The imposition of a double tax upon the income of a trust, viz., a tax, first, on the income of the trust as an entity, and a further tax upon the distributive shares of the beneficiaries, should clearly be warranted under the acts of Congress, and should not have as its basis some remote resemblance to a corporation. If there is doubt, it should be resolved in favor of the taxpayer. Crocker v. Malley, supra, page 233 of 249 U. S., 39 S. Ct. 270; Hecht v. Malley, page 160 of 265 U. S., 44 S. Ct. 462. To warrant a tax as a corporation, we think that not only should the trustees be actively conducting a business chiefly for profit and in the form and manner of directors of a corporation, but where there is doubt, it should not be determined wholly by a resemblance in form, but the nature and purpose of the trust agreement should be considered in determining whether a trust is an association within the intent of Congress. Congress evidently sought to prevent trusts similar to those known as "Massachusetts Trusts," which may be organized for the sole purpose of conducting a business for profit, and have many of the features of a corporation, from avoiding the capital stock tax and corporation income taxes; but we do not think the purpose of Congress in defining a corporation as including associations was to impose a double tax on the income of a trust of limited duration, organized not for the conduct of a business for profit, but to keep the trust res intact in the respective families *196 of the trustees during the period of the trust instrument, the trust property formerly having been owned by the trustees as cotenants, especially when no change in its management results from that when owned as cotenants.

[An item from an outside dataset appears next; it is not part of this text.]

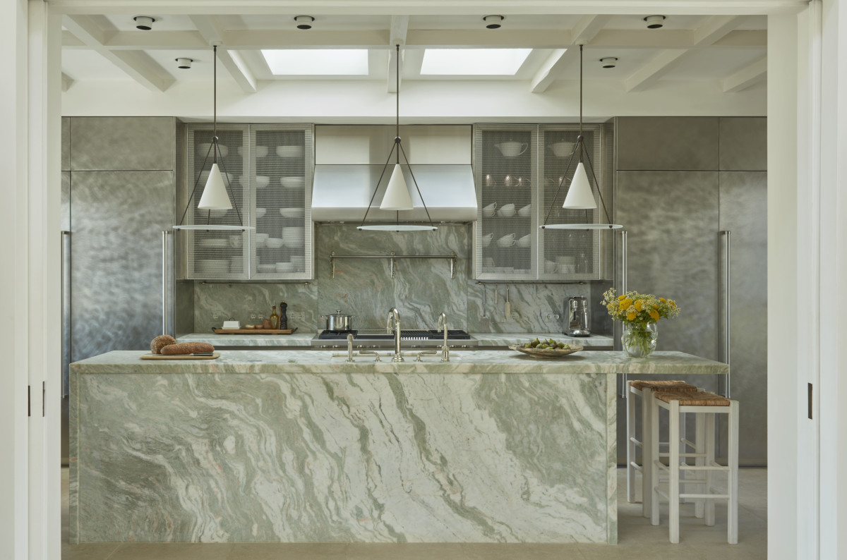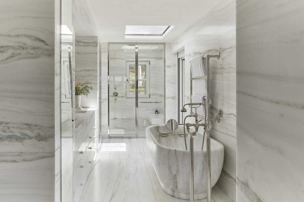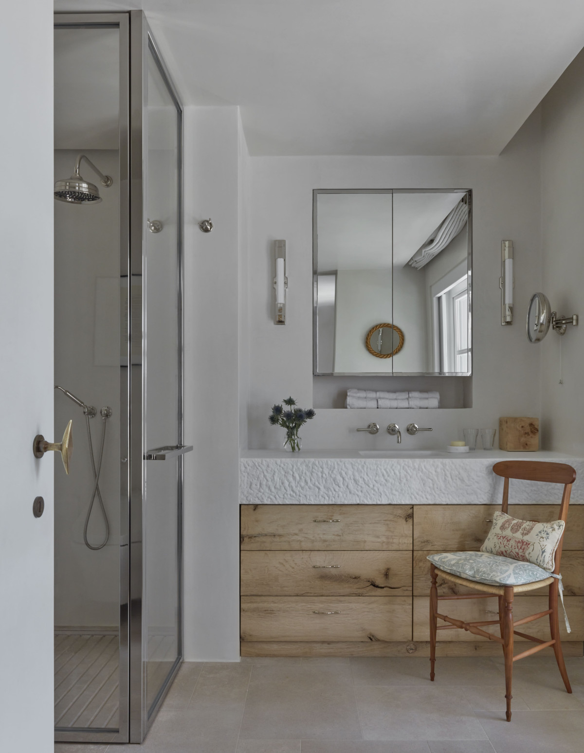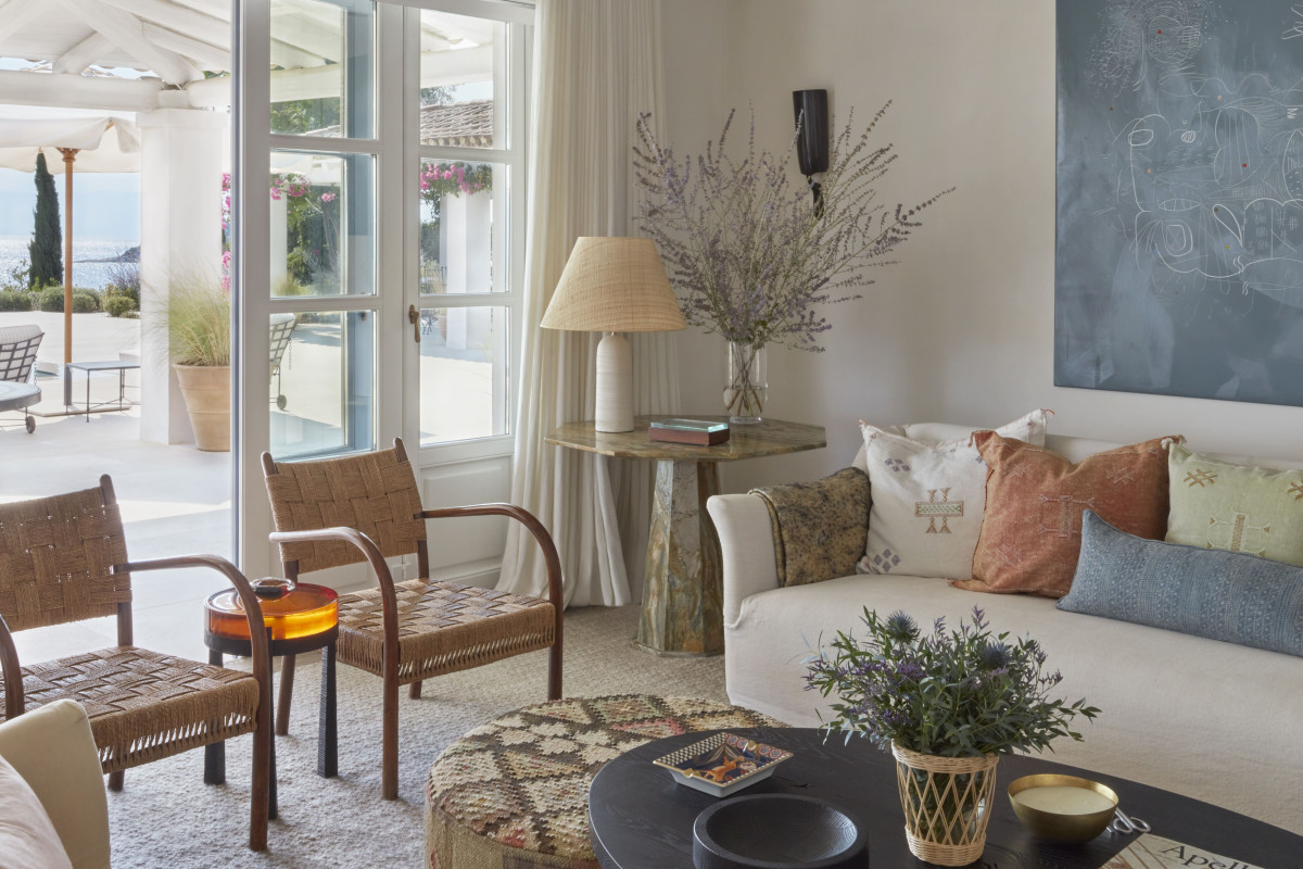 Projekt oparto na uproszczonych, rustykalnych przestrzeniach zakorzenionych w lokalnym rzemiośle i materiałach. Wnętrza wykończono farbami mineralnymi, natomiast elewację i stolarkę zewnętrzną delikatnie pobielono na wzór lokalnej architektury. Grecki marmur odgrywa kluczową rolę w tym projekcie – wykorzystano go m.in. w rzeźbiarskiej wannie wykutej z marmuru Dionysos, wyspie kuchennej z marmuru Alba Chiara czy basenie wyłożonym marmurem Verde Tinos. Meble oraz dodatki to z kolei mieszanka stylu vintage i współczesnego designu, podkreślająca swobodną i elegancką estetykę nadmorskiej rezydencji.

There is no evidence in this case that the trustees in their management, even if they had the necessary powers, departed from the purpose for which the trust was organized. The conclusion which the Board drew from the stipulated facts and the uncontradicted evidence that Coleman-Gilbert Associates was an association within the meaning of the Revenue Acts of 1926 and 1928, we think, was error.
The decisions of the Board of Tax Appeals are reversed, and the cases are remanded to that Board for further proceedings not inconsistent with this opinion.